The image that the BBC used to accompany its account of the National Trust's report on slavery and colonialism connections at its properties seemed counter-intuitive: Glastonbury Tor. What possible connection could an empty hill with nothing on it but a ruined medieval tower, and no significant activity since Abbot Richard Whiting was burned to death there in 1540, have to the international slave trade, I wondered?It's fairly tenuous, as it turns out. In 1836, the heir of the Duke of Buckingham, Richard Grenville (he had many other names but we will confine ourselves to 'Grenville'), received a payout of £6,630 5s 6d under the slaveowners' compensation scheme on account of the Hope Estate on Jamaica and its 379 slaves, who had been part of his mother Anne's property before she married Richard's father - also Richard, the first Duke of Buckingham. The Duke had already made a claim for the huge sum of £20,000, but this had been rejected: the 1836 one was made in respect of his son's marriage settlement, arranged in 1819. The Glastonbury connection comes through one of the trustees of the settlement, Revd the Hon. George Neville-Grenville, a cousin of the Buckinghams who owned Butleigh Court a few miles from the town, and one parcel of land which was part of the Butleigh estate was that empty hill with the tower on top, now held for the nation by the NT. The reverend gentleman probably did not himself receive anything at all, and the story shows the ambiguities of the history of slavery and slave-owning in that legally the trustees of the Buckingham marriage settlement were virtually obliged by fiduciary duty to seek compensation if it was available, regardless of what they might have thought about the matter (some Grenvilles, including the first Duke, were enthusiastic supporters of slavery, while others were abolitionists). And, as it transpired, Richard would need all the money he could get.

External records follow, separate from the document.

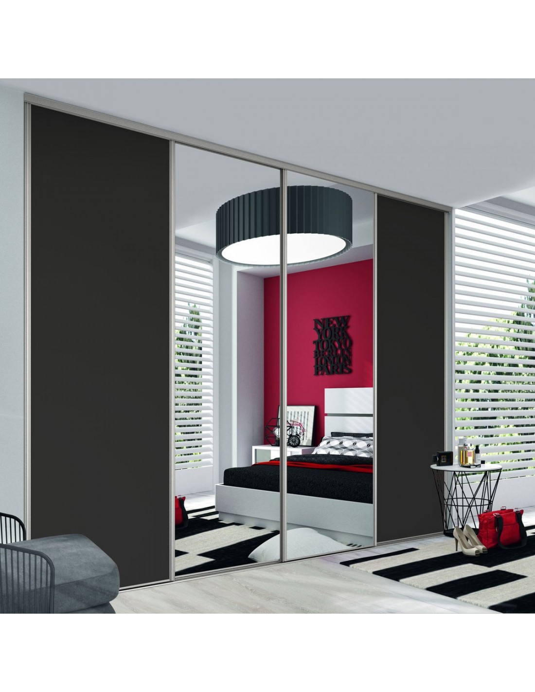 Cha-Cha-Cha : Façade de placard coulissante 4 portes uni mat et miroir argent
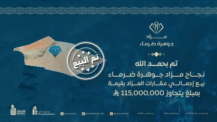 نجاح مزاد «جوهرة ضرماء» وترسية البيع بقيمة 115,000,000 ريال
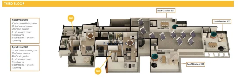 Third floor apartment for sale in Oroklini, Larnaca. It consists of an open plan kitchen, living, dining area, a family bathroom, two bedrooms, master bedroom en suite with shower, covered veranda and a large roof garden with amazing view. Moreover, the apartment has a spacious pool view covered veranda. The residents will have exclusive right of use to a covered parking space and storage, while they can enjoy the complex’s common facilities.
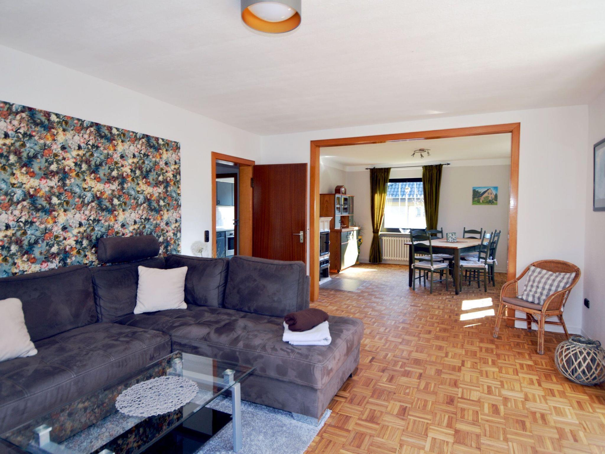 Dieses gemütliche Ferienhaus befindet sich in einem Wohngebiet in ruhiger Lage und bietet viel Platz auf 120 qm für bis zu 6 Personen. Im Erdgeschoss befindet sich der großzügige Wohn- und Essbereich mit einer großen Couch und Fernseher, großem Esstisch und Kaminofen (ohne Holzvorrat). Dem Wohnzimmer angegliedert ist eine großzügige Terrasse mit Gartenmöbel. Weiterhin befinden sich die Küche, das Gäste WC und ein Schlafzimmer (Bett 140x200) im EG.
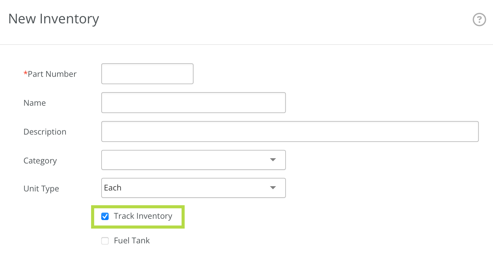 When adding a new part, the option to enable Inventory Tracking is available. When enabled, the system tracks the part’s quantity to monitor stock levels.
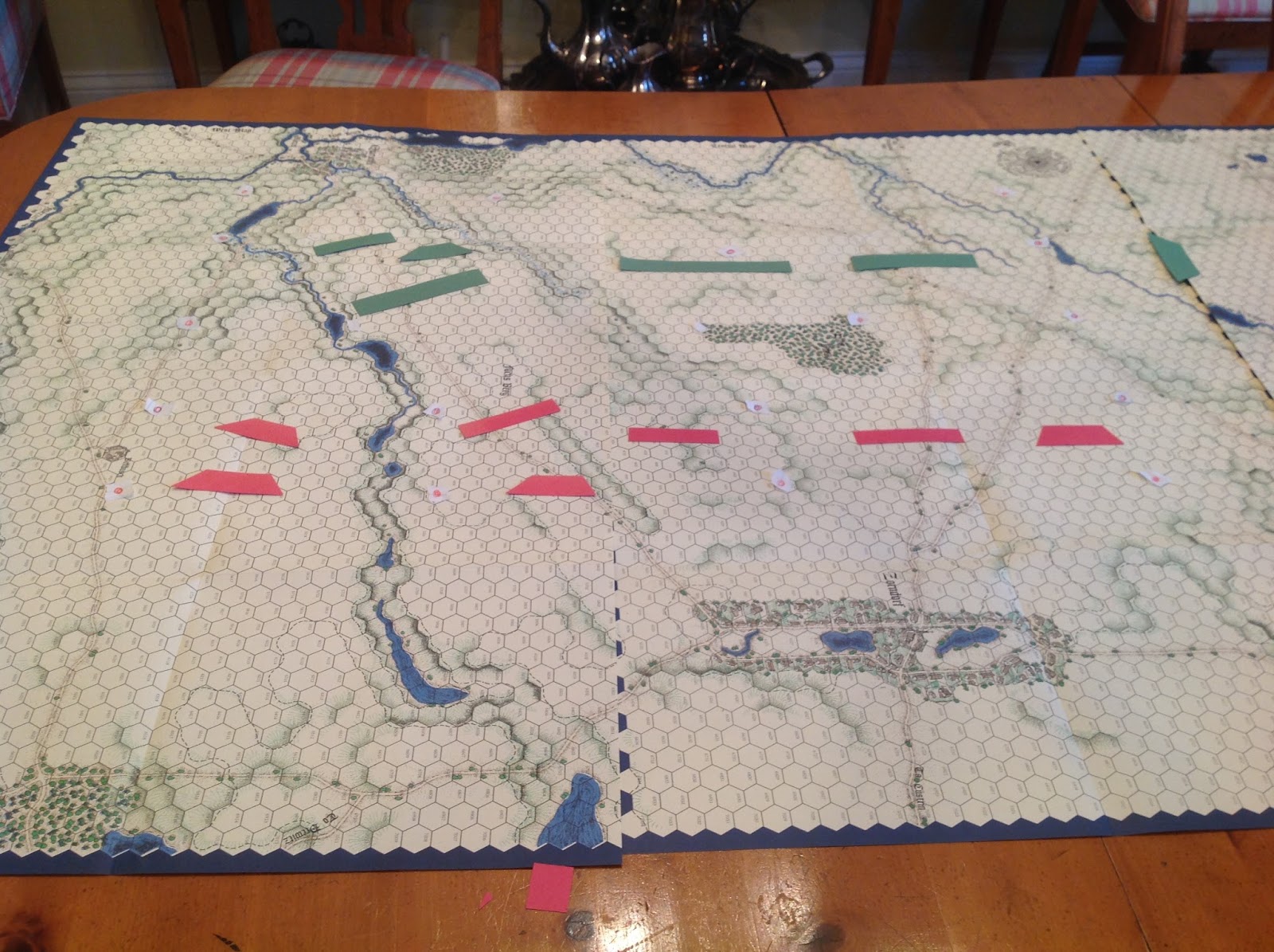 The maps have hexes overlayed on them, which follows the convention of most board games. So I had to create a ground scale of sorts in order to convert the COA map into a wargame table top. After a couple of iterations using different scales, I settle on each hex representing 4-inches of game table area.
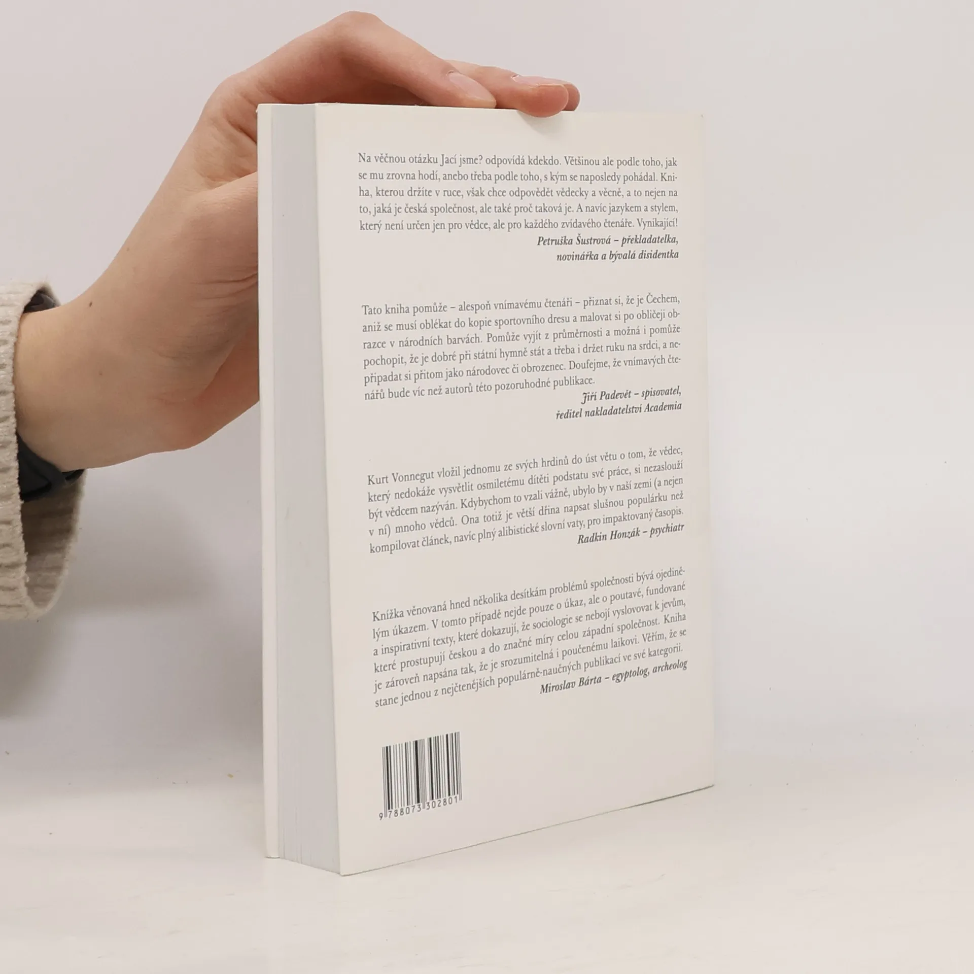 Co si Češi nalhávají o Češích? Proč nedůvěřují policii a soudům? Co si dnes myslíme o sametové revoluci nebo o rozdělení Československa? Může mít jméno vliv na naši kariéru? Proč nám nevadí bezpečnostní kamery? Je u nás náboženství mrtvé? Jsou české hodnoty něčím výjimečné? Je česká společnost skutečně tak tolerantní, jak se traduje? Jaké je vůbec v České republice „Názorové klima“? Tato populárně-vědná kniha nastiňuje témata spojená s výzkumem společnosti. Pokouší se přístupnou formou seznámit čtenáře-neodborníka s prací sociologů. Vždyť mnohé otázky, které sociologie zkoumá, jsou přímo spojené s rozhodováním a opatřeními, jež mají dopad na nás všechny.
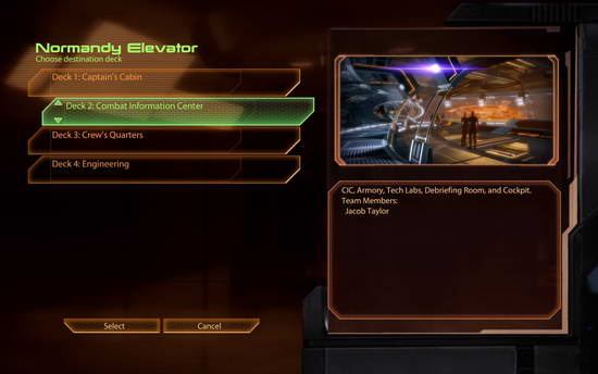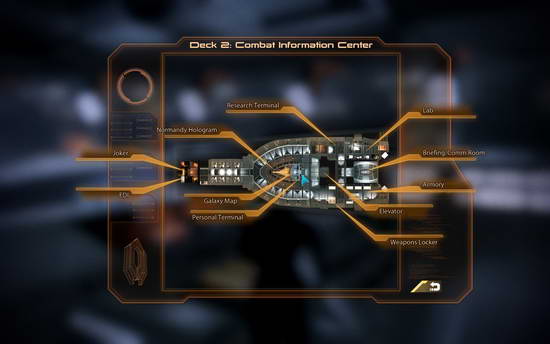 第二层是Combat InformationCenter(CIC)。在Weapon Locker处可以换武器(现在还没有武器可换)。Lab和Research Terminal现在还不能使用。Galaxy Map处可以控制飞船,旁边还有一个Private Terminal。另一边有一个女人叫Kelly,她会向Shepard汇报船员状况以及是否有邮件。
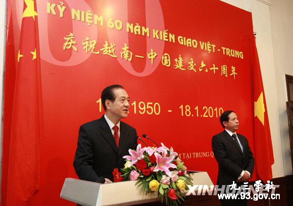 1月18日中午,越南驻华大使阮文诗在越南驻华大使馆举行纪念中越建交60周年招待会。全国人大常委会副委员长、九三学社中央主席韩启德出席并致辞。
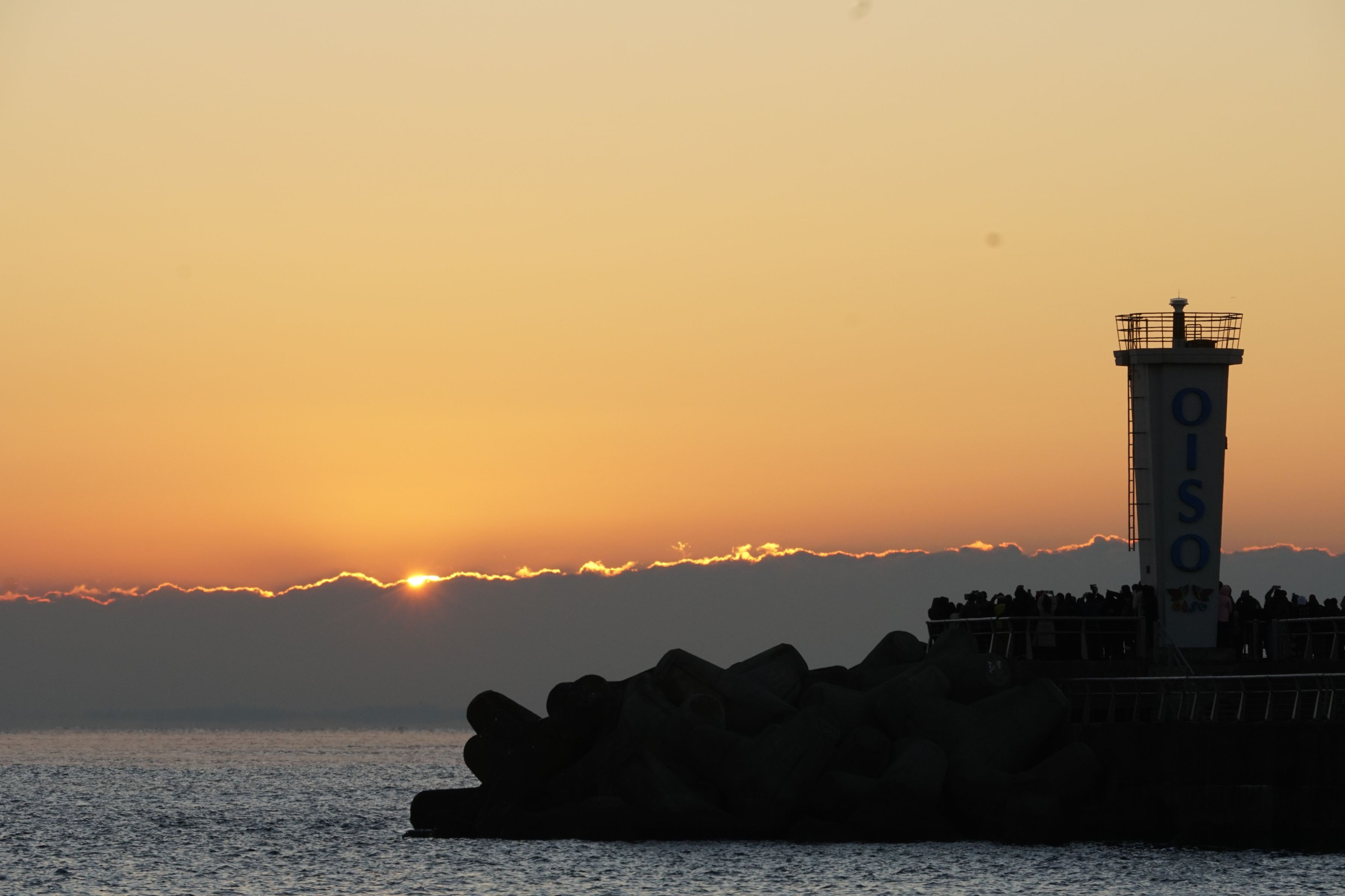 2023年元旦の大磯漁港の初日の出です。開門となった西堤防は鈴なりの見物客。
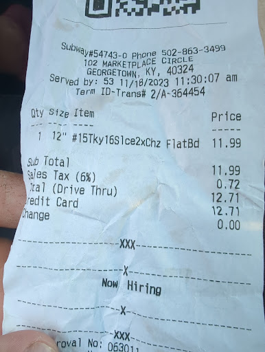 Read moreThis is by far the WORSE Subway I have ever been to. DO NOT GO TO THIS LOCATION EVER! My first visit had been a few years back. I never go to this one always to the one in Walmart. Any way the the first time, i ordered from the drive through and the sub was lacking everything. Never imagined I would get food poisoning for 3 days straight. Did not go there again until a few days ago. I thought maybe theres new management etc. Went into dining area instead of drive through. Seemed pretty clean. Ordered my sub went home and ate it. The very next day.....food poisioning. I ended up at the ER with stuff coming out both ends. Needless to say fool me once shame on you, fool me twice shame on me. There won't be a third time, i can...
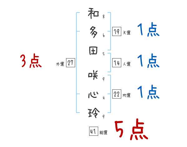 和多田咲心玲さんの画数の鑑定結果
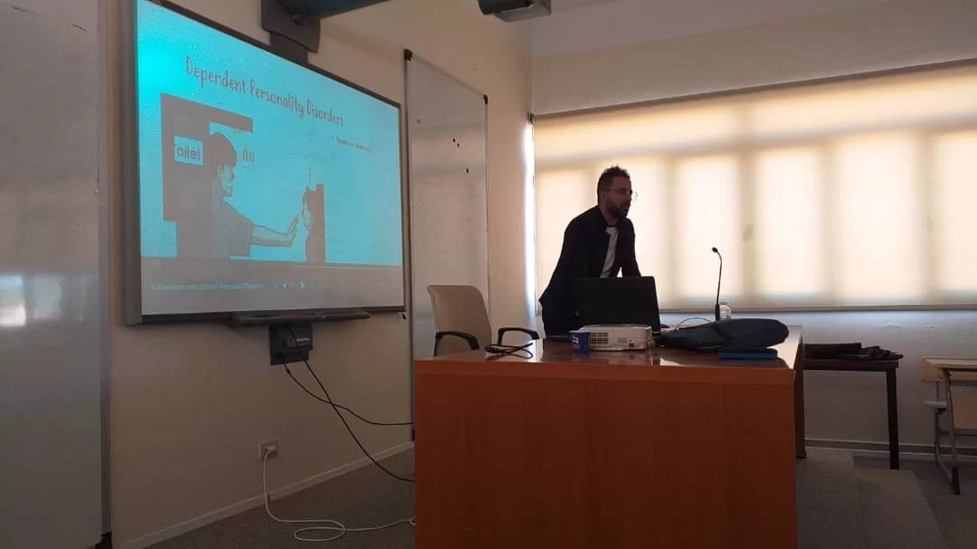 حيث استضاف القسم الاستاذ/محمد سالم الجعفري .( علم النفس الاكلنيكي ) جامعة روما /لاسابينسا.حيث تناولت ورشة العمل استكشاف اضطرابات الشخصية(الانعزالية والفصاميةوالنرجسية والبارانوية) ووصف الخصائص والمعايير الرئيسية، وايضااستكشاف التحديات في تشخيص وعلاج هذه الاضطرابات،ومناقشة دراسات الحالة لتوضيح العرض السريري وتجارب المرضى.

But the reverend gentleman was also very much a gentleman reverend. George Neville-Grenville was the son of Baron Braybrooke and married the daughter of the Earl of Dartmouth, and inherited Butleigh from another branch of the Grenville family. He was Master of Magdalene College, Cambridge, a post he held in tandem with the Rectory of Hawarden in Wales, and on leaving Cambridge became Chaplain to Queen Victoria and Dean of Windsor. You could hardly get closer into the establishment of the Church of England, and histories like this show how woven the story of slavery is into that of the British ruling class.
(Dartmouth? I thought that rang a fairly local bell, and so it does).